Chipotle's "G-M-Over It" campaign slammed in new ads

Chipotle, the popular fast-food chain that pitches its offerings as healthy alternatives to burgers and fries, has been under attack since announcing virtually all its items would be free of genetically modified ingredients and antibiotics, reports CBS News correspondent Anna Werner.

The non-profit Center for Consumer Freedom launched a campaign last month asserting Chipotle's "G-M-Over It," campaign is misleading. A newspaper ad shows an overweight man claiming that eating two Chipotle burritos a week could make you gain 40 pounds in a year. On, the company's "food with integrity" slogan is changed to "food with hypocrisy," with allegations the science behind Chipotle's "GMO-free" philosophy doesn't add up.

The center is expected to release more ads this week.
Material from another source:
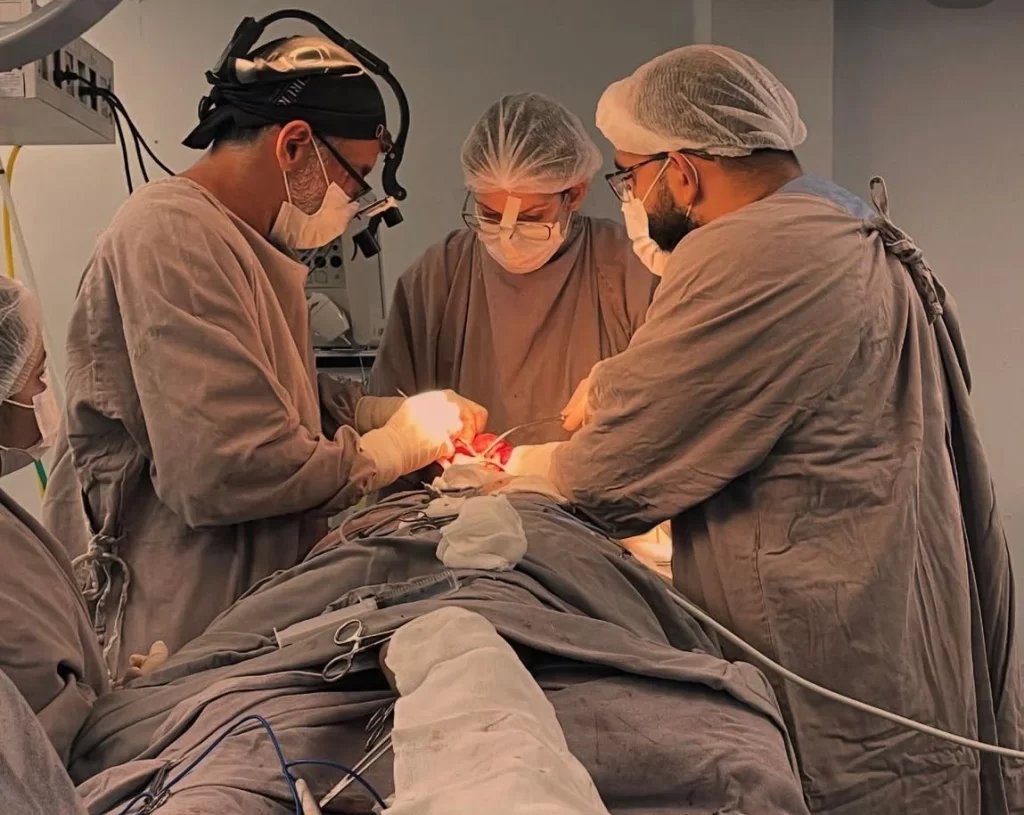 A cirurgia mobilizou médicos altamente especializados das áreas de bucomaxilofacial, microcirurgia de cabeça e pescoço, além de cirurgia plástica. De acordo com o cirurgião bucomaxilofacial Flávio Fayad, o planejamento do procedimento envolveu exames detalhados e discussões clínicas ao longo dos últimos meses. “Foi uma cirurgia complexa, mas conduzida com precisão. Realizamos a ressecção completa do tumor, instalamos uma placa de reconstrução mandibular e, por fim, fizemos um enxerto de fíbula vascularizada, técnica que utiliza parte do osso da perna para reconstruir a mandíbula”, explicou.

"Chipotle has tried to create this health halo over the business and I don't think their stuff is any worse or any better than anybody else's Mexican food," said Richard Berman, creator of the Center for Consumer Freedom.

But some say the center itself has questionable motivations.

Berman has been the subject of many websites and articles. His organization, which got its start with a donation from Philip Morris to fight anti-smoking regulations in bars and restaurants, now has a host of non-profit educational entities funded by donations from food companies and others. His targets have included unions, the Humane Society and Mothers Against Drunk Driving.

"You know, I grew up in the Bronx. Name-calling is not the worst thing that I've been subjected to," Berman told "60 Minutes" during a 2007 interview, responding to critics.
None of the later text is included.